It sources the setup_auth.sh script which makes sure that the KAFKA_CA_CERT, KAFKA_ACCESS_CERT and KAFKA_ACCESS_KEY environment variables contain data that is correctly split into lines.

Finally the run.sh script runs the fat Java JAR with the necessary arguments.

Building the program

We use a fat (uber) JAR in the container, so that all of the programs non-standard dependencies (the ones not provided by the JRE) are frozen into the final executable.

You can build that fat JAR file with

gradle ${APP_NAME}UberJar

where $APP_NAME is one of GenericLogApp, GenericCopyApp, GenericFilterApp or SpecificFilterApp -- for instance:

gradle SpecificFilterAppUberJar

(See app/build.gradle for the definition of the UberJar tasks.)

If you want to run the app using the provided run.sh script, then you'll also need to copy the result to the top-level directory

cp app/build/libs/$APP_NAME-uber.jar .

Exactly once semantics

With a normal Kafka Streams application, it is possible that a message might be processed once, more than once, or never at all (networks are unreliable, services can crash, and so on).

Exactly once semantics (EOS) in Kafka Streams guarantees that each message will be processed once, no more and no less. It's been available since 2017.

There is quite a lot of good documentation about exactly once semantics for Kafka Streams - the following is by no means an exhaustive list.

See Confluent's Exactly-Once Semantics Are Possible: Here’s How Kafka Does It (2017/2025) for a good introduction to how this works.

The Kafka Streams Core Concepts document (this link is for Apache Kafka 4.1.x which is current at time of writing) is also pretty good. It talks about exactly once in the Processing Guarantees section.
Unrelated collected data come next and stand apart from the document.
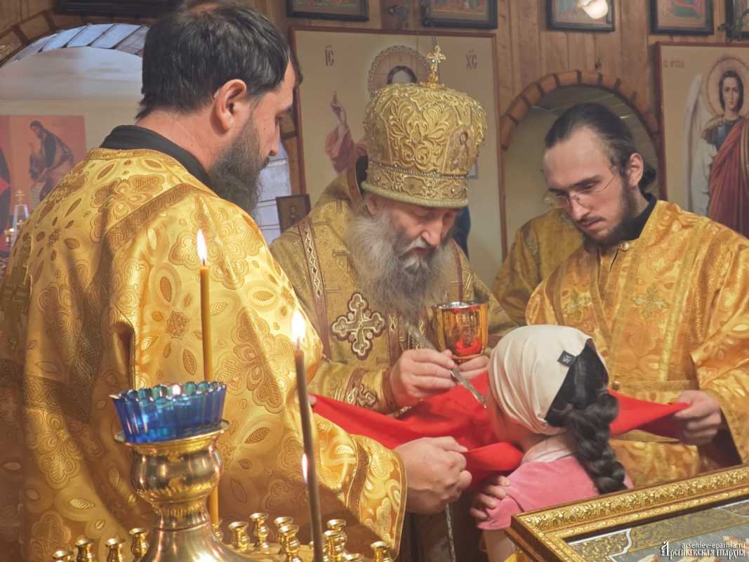 Епископу Гурию сослужили настоятель храма иеромонах Варсонофий (Рыжов) и иеродиакон Досифей (Зыков).
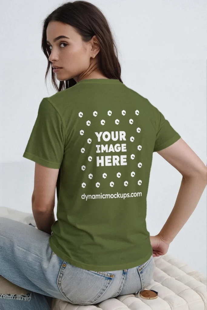 Woman Wearing Olive Green T-shirt Mockup Front View Template
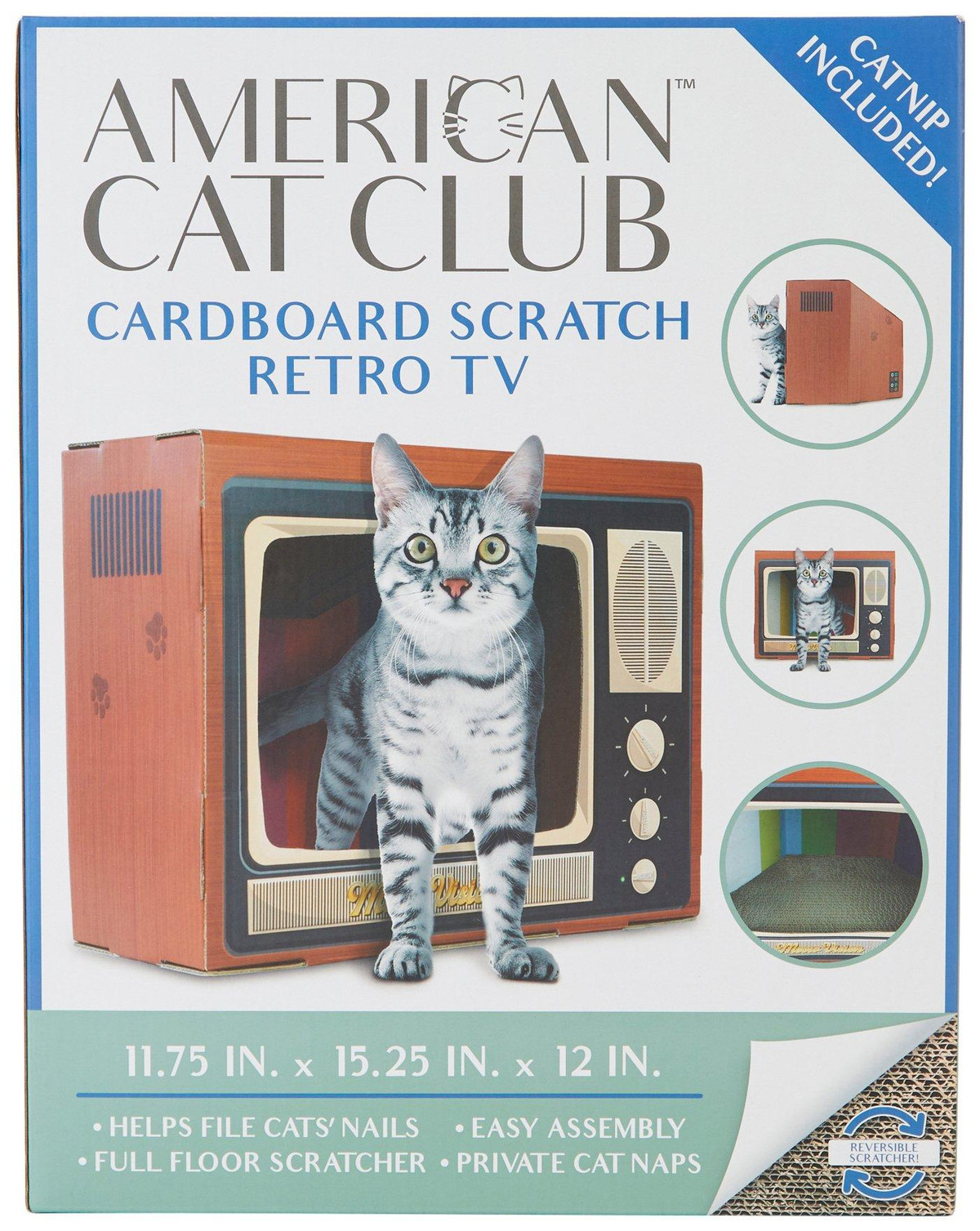 Bring vintage charm and feline fun with the Cardboard Scratch House Retro TV. Designed to resemble a classic television, this cardboard house features a full-floor scratcher that helps file cats nails while offering a cozy space for private naps. Lightweight construction allows for easy assembly and placement. Ideal for indoor use and multi-cat homes. Replace scratch insert as needed. Measures approximately 11.75 in x 15.25 in x 12 in.

Zeinab Dashti's Developer Guide to Achieve Transactional Processing in Kafka Streams (2025) is good at the pragmatics, and notes that:

When processing.guarantee=exactly_once_v2 is set, Kafka Streams automatically enforces the required producer and consumer configurations:

enable.idempotence=true (on the Kafka producer)
isolation.level=read_committed (on the Kafka consumer)

You don’t need to set these manually — doing so isn’t harmful if you match the required values, but Kafka Streams will log a warning or ignore conflicting settings.

and

Any external consumer reading from Kafka output topics that are written transactionally must configure:

isolation.level=read_committed

Kafka Streams enforces this by default within its topology, but it must be set explicitly for standalone consumers (e.g., Kafka Connect, other microservices). Without it, consumers could read uncommitted or aborted records, which may result in data duplication or inconsistency.

Running the unit tests

There are minimal unit tests for the four applications.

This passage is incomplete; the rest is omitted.